The Group and the Company manage their capital structure and make adjustments to it, in light of changes in economic conditions. To maintain or adjust the capital structure, the Group and the Company may adjust the dividend payment to shareholders, return capital to shareholders or issue new shares.
An important means of managing capital is the use of the gearing ratio (ratio of net debt to equity) which is monitored at a Group level. Net debt includes interest bearing loans and notes, less cash and cash equivalents and other current financial assets.

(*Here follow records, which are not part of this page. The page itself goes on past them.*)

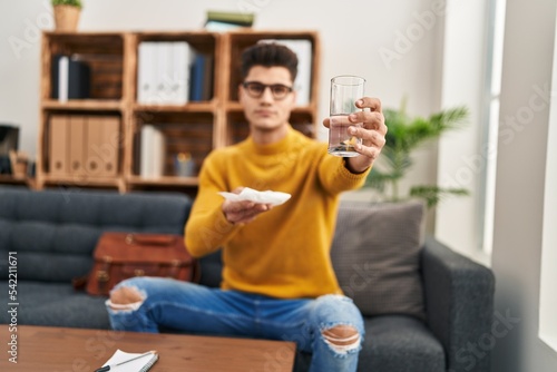 Young hispanic man psychologist counseling offer water and napkin at psychology center
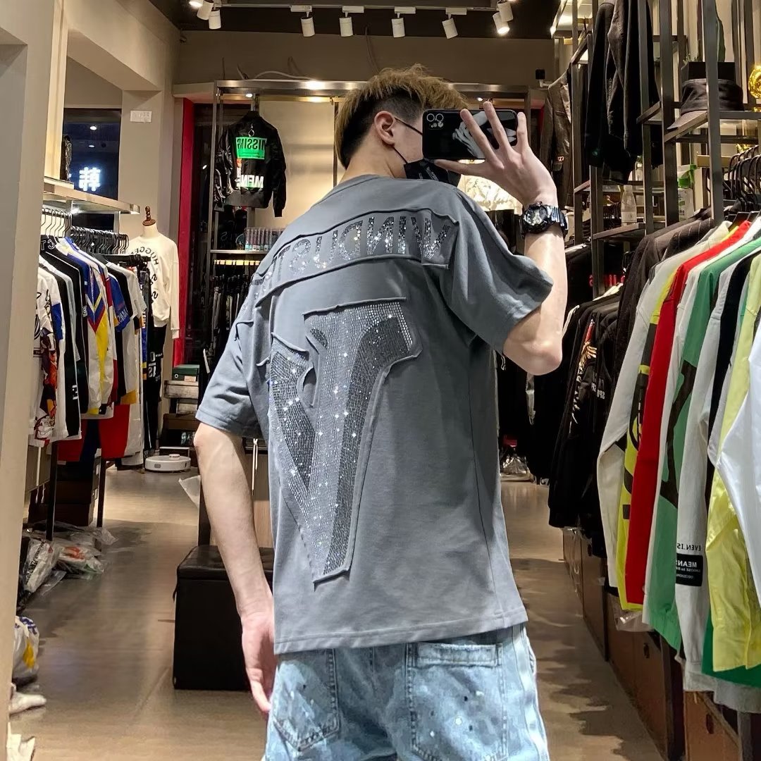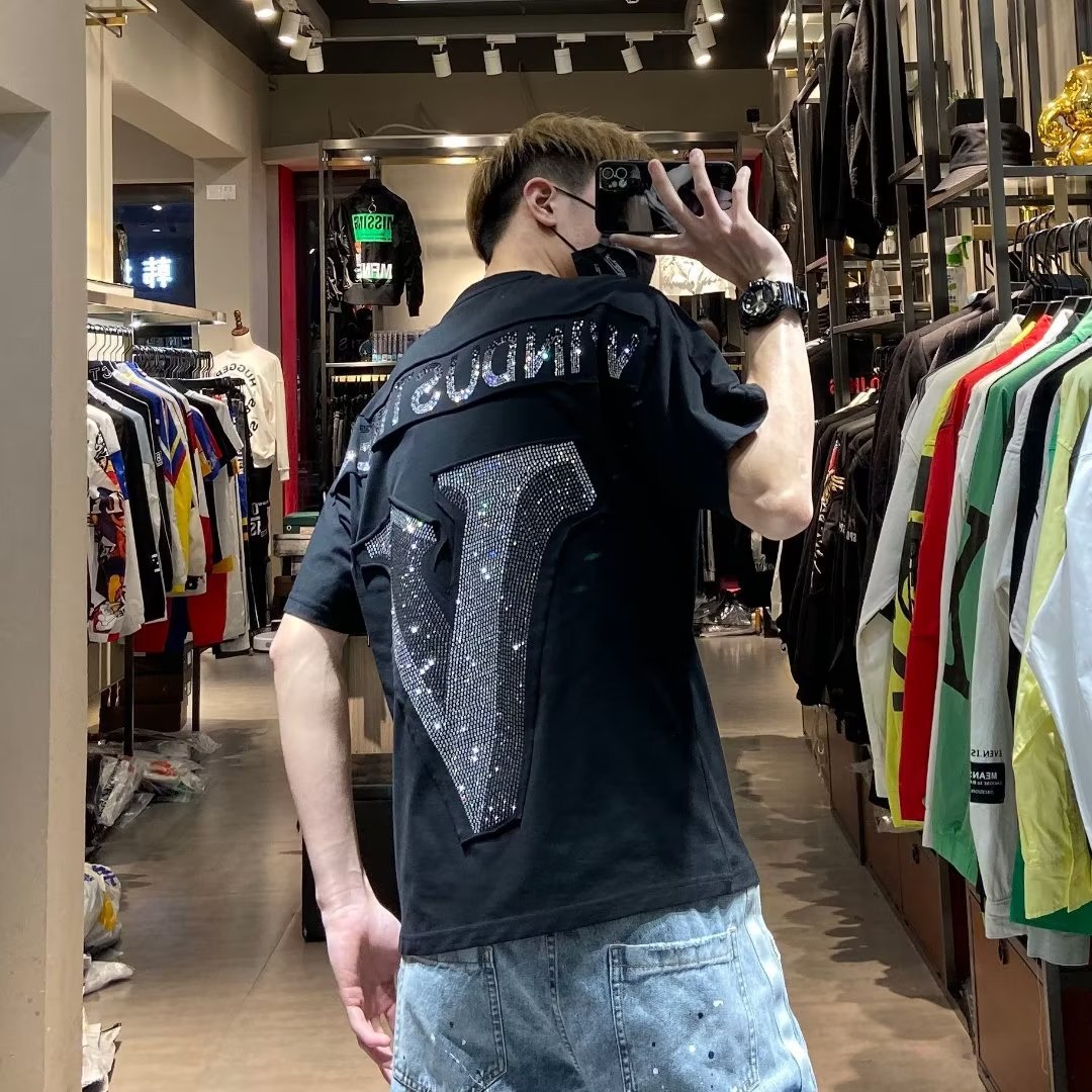 한국식 핫 드릴링 레터 인쇄 라운드 넥 느슨한 하이 엔드 센스 성격 패션 틈새 디자인 센스 티셔츠 남성용 미디엄 및 반팔
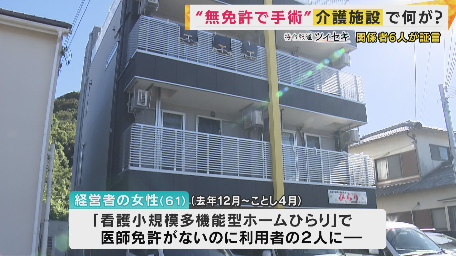 関係者によると、経営者は5年以上前から何度も、「床ずれの処置」などと称して無免許で手術を繰り返していたそうです。

The table below shows a decrease in the gearing ratio in 2015 compared to 2014, coming from a decrease in net debt (due to a decrease in borrowings) and an increase in equity (through the profit of the period):
| GROUP | 30/09/2015 | 31/12/2014 |
|---|---|---|
| Borrowings | 2,149.5 | 2,638.5 |
| Cash and cash equivalents | (1,052.3) | (1,509.9) |
| Other current financial assets | (6.7) | (3.7) |
| Net debt | 1,090.5 | 1,124.9 |
| Equity | 2,588.4 | 2,498.4 |
| Gearing ratio | 0.42x | 0.45x |
For reconciliation purposes of the income statement between the first half 2015 and the first nine months 2015, an amount of Euro 4.6 has been reclassified from "Other sundry operating expenses" to "Construction cost network" in the consolidated income statement of the first half of 2015.
There were no significant events after September 30, 2015 that should be disclosed in these financial statements.